ArgusScan - Shodan Pentest Automation

Ethical Pentest Automation using Shodan API for cybersecurity professionals

MANDATORY LEGAL WARNING

This project is exclusively for ethical security and educational purposes.

Legal Notice

Unauthorized use of this tool for unauthorized access to systems is ILLEGAL and punishable by law:

• Penalty: Varies by jurisdiction
• Criminal Liability: Unauthorized access is a crime
• Civil Liability: Damage compensation

Use ONLY for:

• Authorized Bug Bounty
• Pentest with signed contract and RoE (Rules of Engagement)
• Authorized academic research
• Defensive security of own systems
• Authorized Red Team Exercises

NEVER use for:

• Unauthorized access to systems
• Unauthorized data modification
• Service interruption
• Any illegal activity

Use of this tool implies acceptance of legal responsibility.

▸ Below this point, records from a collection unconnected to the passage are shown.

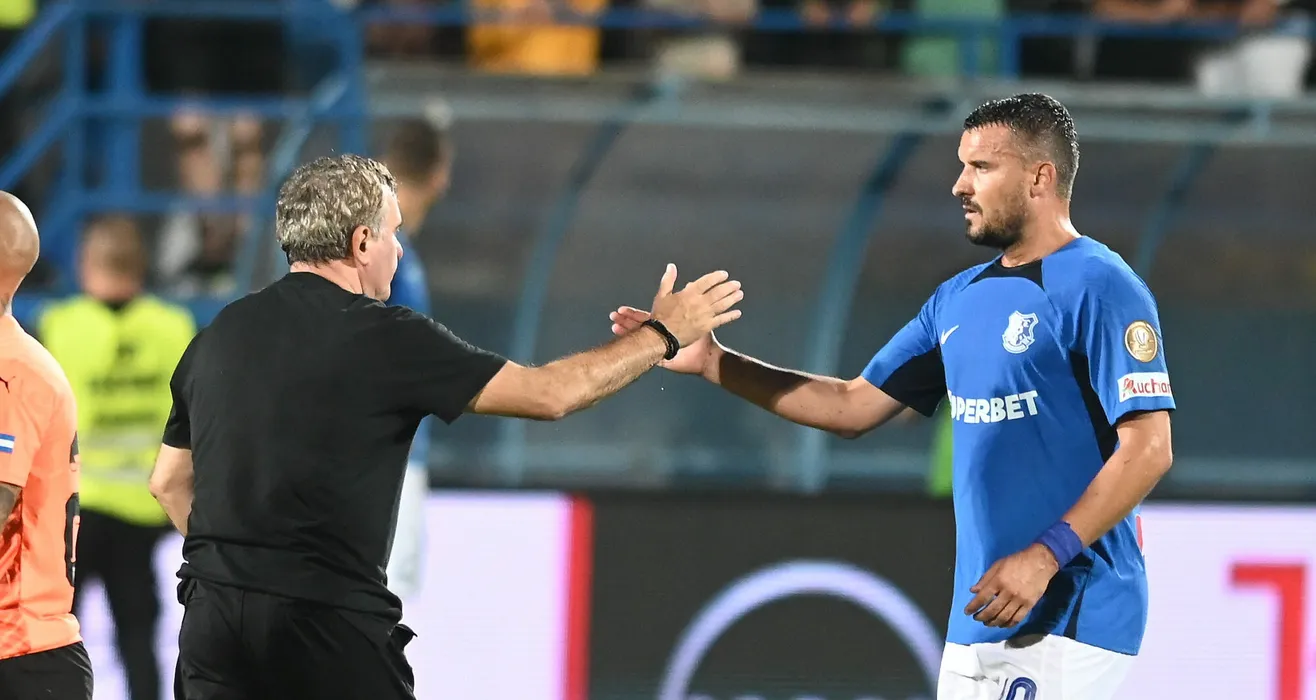 Ionut Alexandru Mitrita, Gheorghe Hagi si Constantin Valentin Budescu se saluta dupa meciul de fotbal dintre Farul Constanta si Universitatea Craiova, contand pentru Superliga Superbet, desfasurat pe Stadionul central al Academiei Gheorghe Hagi din Ovidiu, duminica 27 august 2023. © FOTO:Razvan Pasarica/SPORT PICTURES
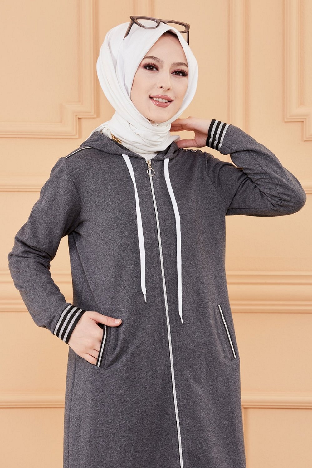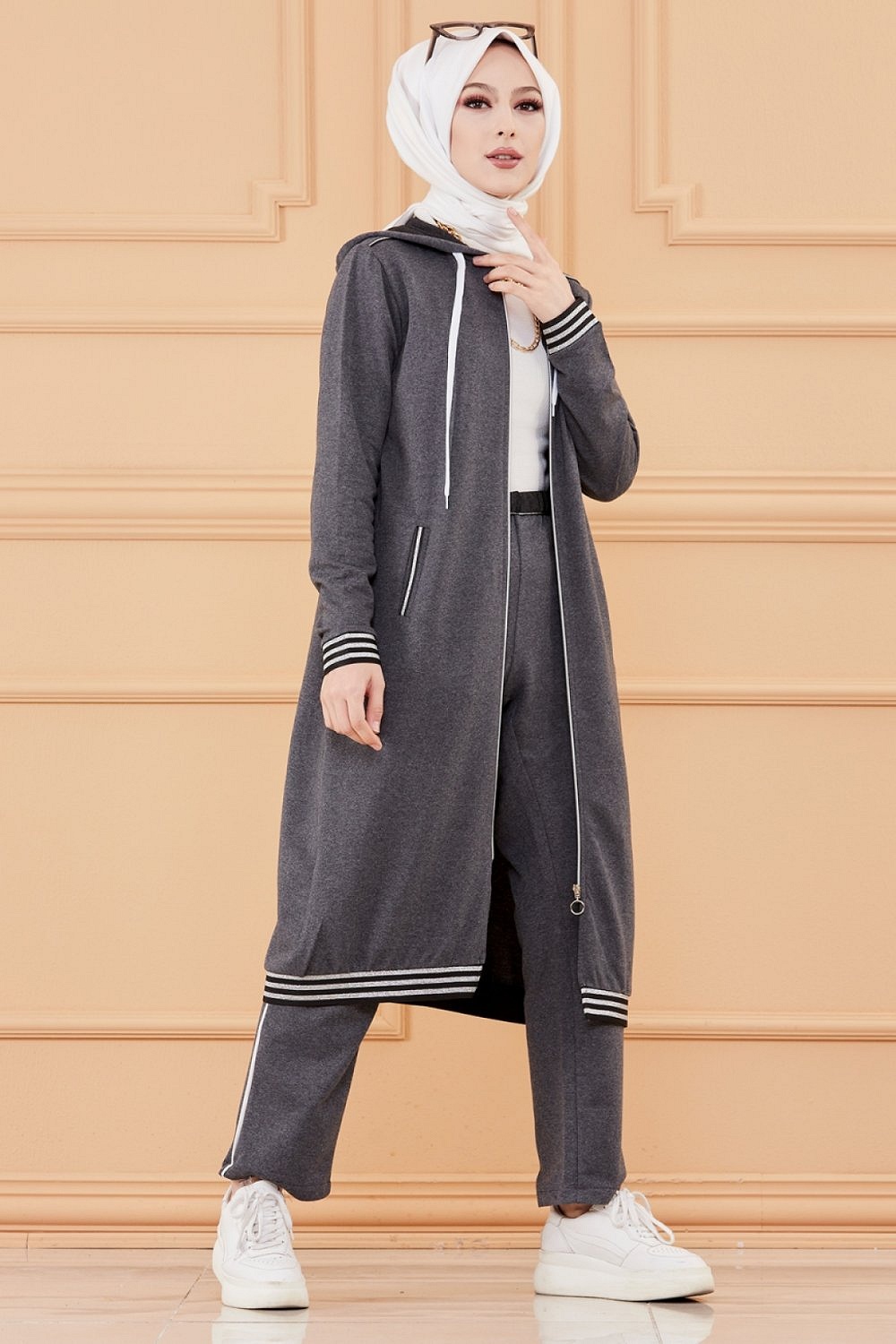 Ensemble sportswear avec longue veste et pantalon (Tenue sport mastour pour femme musulmane) - Couleur anthracite Vetement & Accessoire
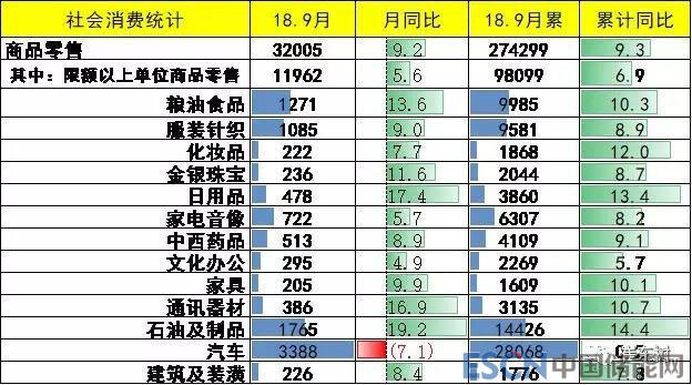 2018年9月份,社會(huì)消費(fèi)品零售總額32005億元,同比名義增長(zhǎng)9.2%。其中,限額以上單位消費(fèi)品零售額12762億元,增長(zhǎng)5.7%。2018年1-9月份,社會(huì)消費(fèi)品零售總額274299億元,同比增長(zhǎng)9.3%。其中,限額以上單位消費(fèi)品零售額104792億元,增長(zhǎng)6.9%。。
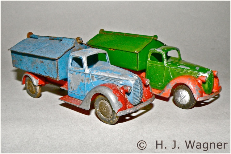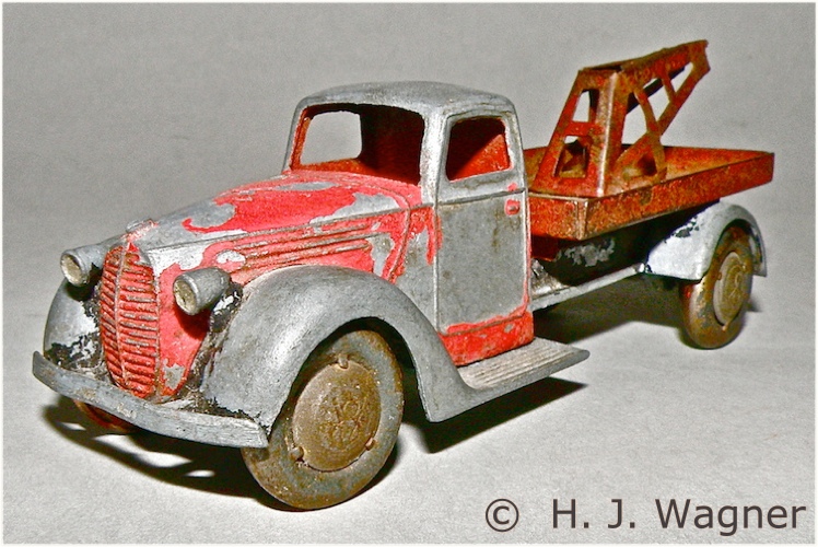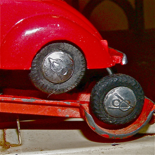 I also believe that the large tin cars had tin wheels first. They were also in two parts that were pressed together. The wheels were cast also in 1940. After the war these cars also got rubber tires. - ForfatterIndlæg
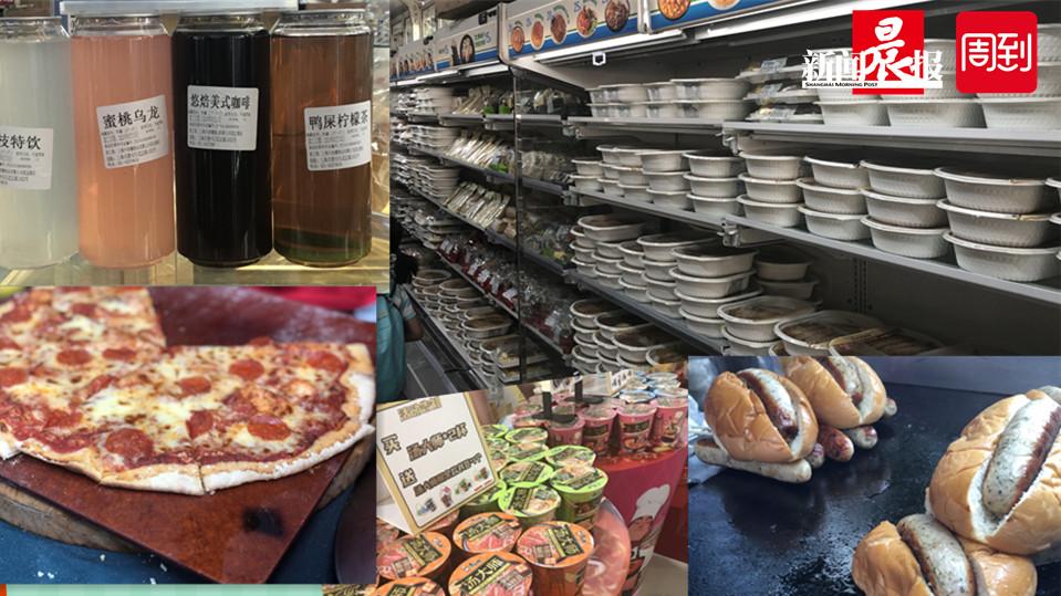 在用餐区,许多市民围桌而坐,吃泡好的方便面或加热好的盒饭、饭团和三明治。记者注意到,盒饭品种包括咖喱鸡排饭、咖喱猪排饭、鸡腿饭、照烧鸡排双拼饭,价格在20到25元,然后还有各种饭团,价格都为10元,三明治价格在10到13元左右,面条品种也很丰富,有意面、炸酱面、鸡丝冷面、港式餐蛋面,价格都为15元。烧烤在8到12元之间,而关东煮为10元5粒,包括港式鱼豆腐、台式花枝丸、港式龙虾风味丸和牛筋丸等。
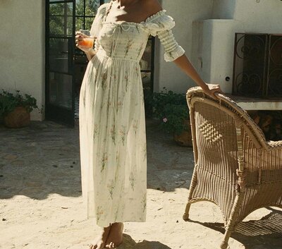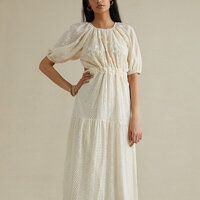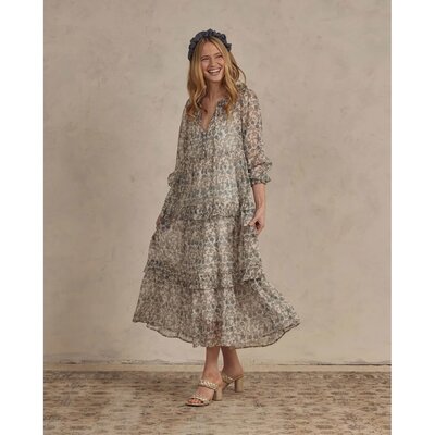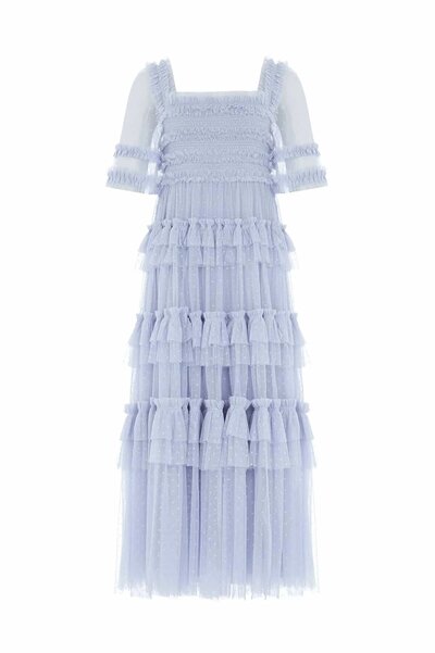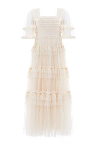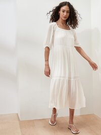 Square neckline with a softly smocked bodice and tiered skirt that reads feminine without bulk. The vertical tiers photograph as gentle rhythm and add flattering movement.
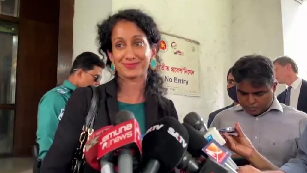 রোববার (৬ নভেম্বর) সকালে ভারপ্রাপ্ত পররাষ্ট্র সচিব খুরশীদ আলম ও আমেরিকা উইংয়ের মহাপরিচালক নাঈমউদ্দিনের সঙ্গে দ্বিপাক্ষিক ও আঞ্চলিক বিভিন্ন বিষয়ে আলোচনা করেন তিনি। এ অঞ্চলের কয়েকটি দেশ সফরের অংশ হিসেবে বাংলাদেশে যাত্রাবিরতি করছেন মার্কিন এই প্রতিনিধি। দেশটির জাতীয় নিরাপত্তা নীতি নিয়ে কাজ করেন ডেপুটি অ্যাসিস্ট্যান্ট সেক্রেটারি আফরিন আক্তার।

Use ethically and with written authorization.

---

Table of Contents

• Features
• Installation
• Configuration
• Usage
• Shodan Dorks Examples
• Project Structure
• Reports
• Tool Integration
• Troubleshooting
• Testing
• Contributing
• Additional Resources
• License

---

Features

• Shodan Search: Full integration with Shodan API
• Friendly CLI: Colorful interface with Rich
• Rate Limiting: Respects API limits (1 req/second)
• Multiple Formats: Export Markdown, JSON, CSV
• Advanced Filters: By country, port, organization
• Professional Reports: PTES/OWASP template
• CVSS Integration: Vulnerability analysis support
• Nuclei/ZAP Ready: Export compatible with pentest tools

---

Installation

Prerequisites

• Python 3.8 or higher
• Shodan account with API key (get it here)

Quick Installation

# Clone the repository
git clone https://github.com/your-username/argusscan.git
cd argusscan

# Install dependencies
pip install -r requirements.txt

# Configure your API key
# Edit config.yaml and add your Shodan API key

Installation with Virtual Environment (Recommended)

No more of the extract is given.